Upgrade RDS Phase 3 Release
Background
Release v16 of Cumulus Core includes an update to remove the now-unneeded AWS DynamoDB tables for the primary archive, as this datastore has been fully migrated to PostgreSQL databases in prior releases, and should have been operating in a parallel write mode to allow for repair/remediation of prior issues.
Requirements
To update to this release (and beyond) users must:
- Have deployed a release of at least version 11.0.0 (preferably at least the latest supported minor version in the 11.1.x release series), having successfully completed the transition to using PostgreSQL as the primary datastore in release 11
- Completed evaluation of the primary datastore for data irregularities that might be resolved by re-migration of data from the DynamoDB datastores.
- Review the CHANGELOG for any migration instructions/changes between (and including) this release and the release you're upgrading from. Complete migration instructions from the previous release series should be included in release notes/CHANGELOG for this release, this document notes migration instructions specifically for release 16.0.0+, and is not all-inclusive if upgrading from multiple prior release versions.
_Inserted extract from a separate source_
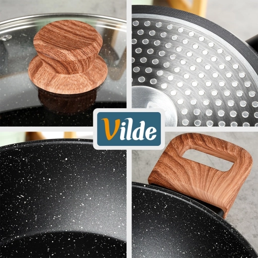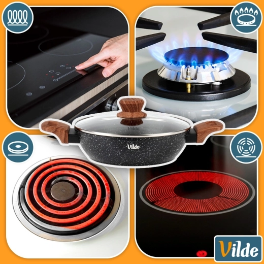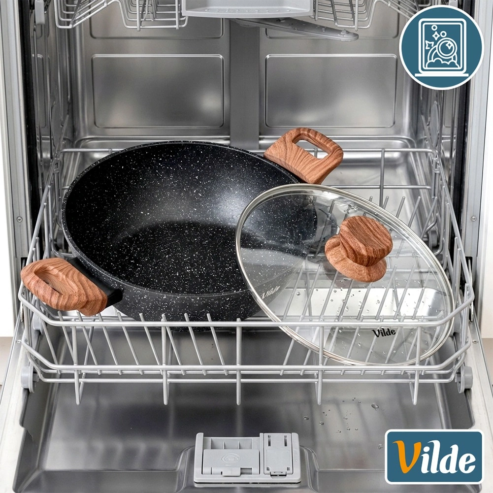 Mânerele ergonomice soft touch cu decor de lemn oferă o prindere sigură și confortabilă la transport. Tigaia este compatibilă cu toate tipurile de plite, inclusiv inducție, iar pentru o întreținere ușoară se poate spăla în mașina de spălat vase.
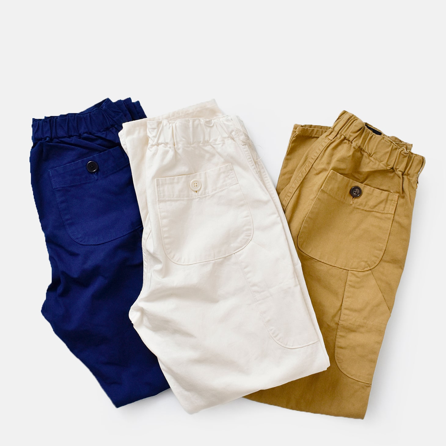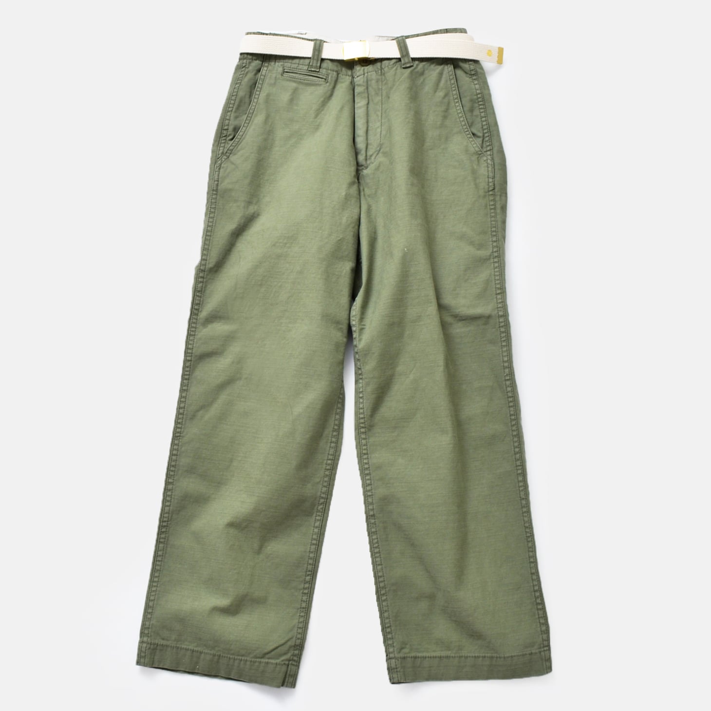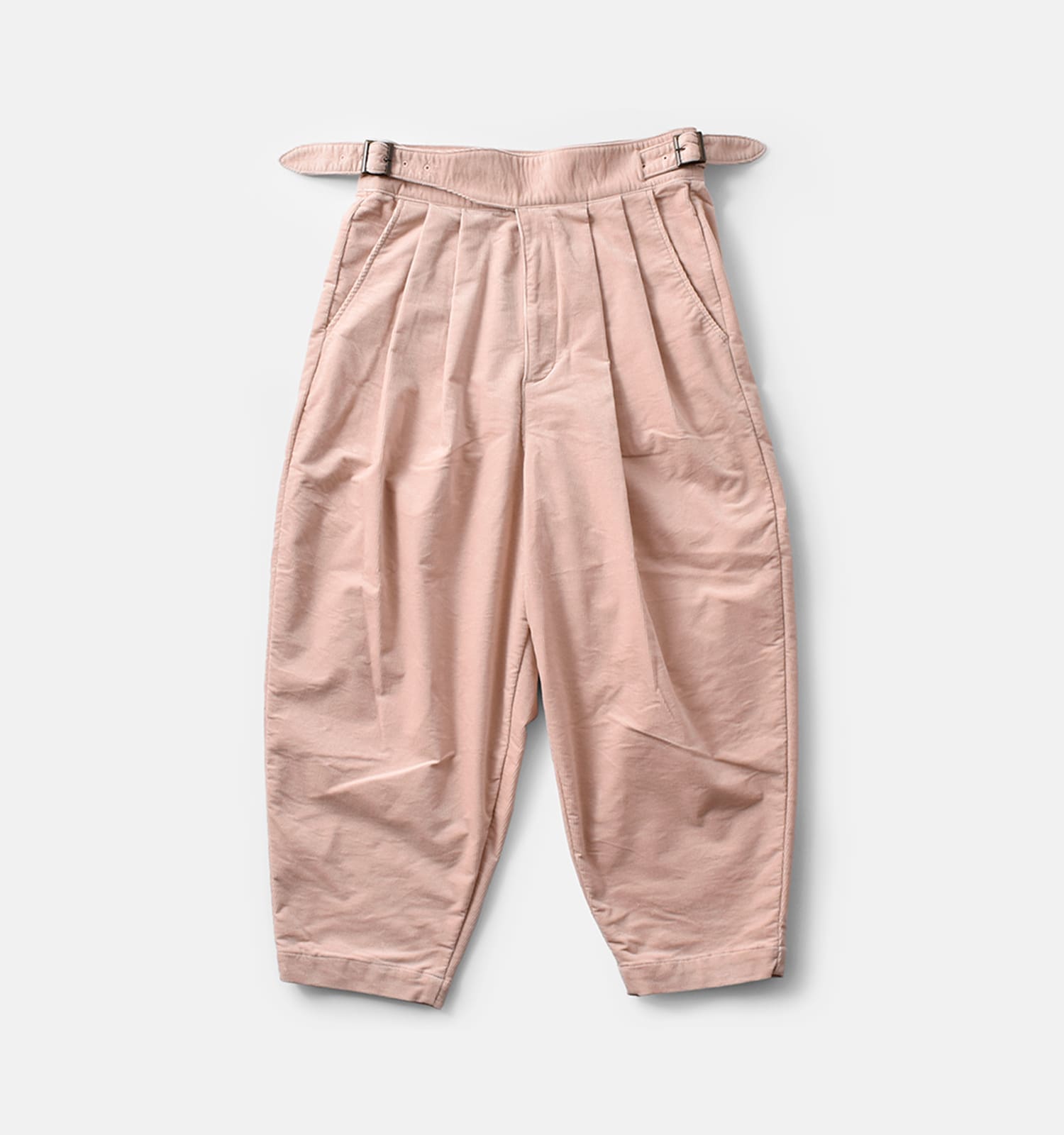 高密度のチノクロス生地を使用した独特のハリ感が特徴的。ウォッシュ加工が施されており、あたり感や色落ちなど履き込んで育てるのが楽しみになるパンツです。股上が深くユニセックスで履けるルーズなシルエットもお気に入り。付属のガチャベルトも調整が楽チンで重宝します。 裾をロールアップしたり、サスペンダーを合わせたりしてスタイル変化も可能です。いっぱい履いてガシガシ洗って3年後、5年後の姿に期待大です。

- Configure your deployment terraform environment to utilize the new release, noting all migration instructions.
- The PostgreSQL database cluster should be updated to the supported version (Aurora Postgres 11.13+ compatible)
Suggested Prerequisites
In addition to the above requirements, we suggest users:
Retain a backup of the primary DynamoDB datastore in case of recovery/integrity concerns exist between DynamoDB and PostgreSQL.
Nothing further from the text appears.